You may or may not have heard about success spirals. They’ve been broken down at Less Wrong, mentioned by Leo of Zenhabits, and even is used in stuffy business pdfs. Yet it’s a concept that I hadn’t heard of until recently, although since then I’ve noticed and tried to implement it as much as possible.
The idea behind a success spiral is that if you want to tackle something big and hard, first start with something small and maneagable. The Less Wrong guys above use the example of practicing speaking well to yourself in front of a mirror, then to your friends, and then to strangers. You start with something so easy to do that it is no challenge whatsoever, and buoyed on by the sense of accomplishment and self confidence you get from that first step, you tackle the second, harder step and succeed. Now you’re caught in a “success spiral” and cannot help but continue attacking the obstacles with gusto, no matter how big they get.
It works best with tasks that build on each other, like above, but it also works with dramatically different activities. As Amy Cuddy explains, just posing in a posture normally reserved for confident moments can bring you confidence.

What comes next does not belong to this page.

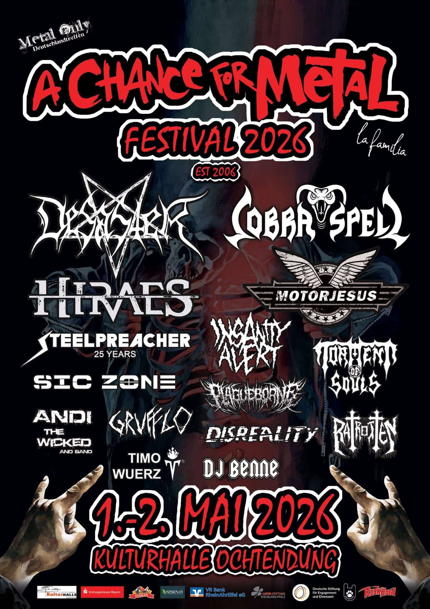 Das A CHANCE FOR METAL FESTIVAL 2025 findet vom 01.05. bis 04.05.2025 in Ochtendung statt! Der...

Leo used his quest to stop smoking to build on other habits he wanted to change in his life. After completing that, he felt ready for any other challenge. He went in with a sense of “I can do this”, and as we know, hope and despair are self fulfilling prophecies. You can do the same.
I had mostly forgotten about success spirals until the other day, when I had to drive my housemate’s stick shift truck. I haven’t driven stick shift in a long time, but I knew I could do it. Every simple movement became a challenge – getting out of the parallel parking spot, figuring out exactly where each gear is, the stop sign on a hill, and so forth. As I successively met and bested each of these difficulties, I noticed my spirits rise perceptively. By the time I was on the highway I was downright jubilant and started singing along to myself on a Mexican radio station. All this from nothing more than driving a car.
If only I had been driving to a job interview that night – I would have been so pumped up under the weight of my successes that the next one was all but foretold . Knowing this now, I feel like people who own stick shift cars are better off than the rest of us – by the time they get to their destination they are pumped up on success. True, after a few months it becomes second nature and stops pushing your comfort zone. But you would still have that capability in your toolkit, like a line on the resume for life – proficient in with a manual gear box. As your father would say, it builds character – and a sense of confidence.
This is why LessWrong mentions adventure/outdoor classes as great foundations for success spirals. You may only navigate whitewater a few times in your life, but each time you do, you go into a mildly dangerous situation and come out of it on top due to your choices. Learning a new skill in the wild will translate to the rest of your life in the form of your confidence and can-do attitude.
My friend Alton likes to bring dull butterfly knives with him, and teaches people how to flick it open like in the movies without fear of a cut. The trick requires a certain level of dexterity, but it isn’t nearly as difficult as it looks, so when you master it after fiddling around for ten minutes you feel great. He encourages you to then translate that success into another one, and start the spiral.
I loved fiddling with those knives. What other feats of manual dexterity could you practice on in your spare time without difficulty? How about rolling a coin over your knuckles, or learning some of Tim Ferriss’s pen tricks? Heck, most of r/learnuselesstalents applies here.
With those silly tricks in your tool belt, you could then tackle useful skills, or spirals that build on actions learned earlier. What big bad feat are you dreading to face soon? How could you break it down into bits that you can face one by one?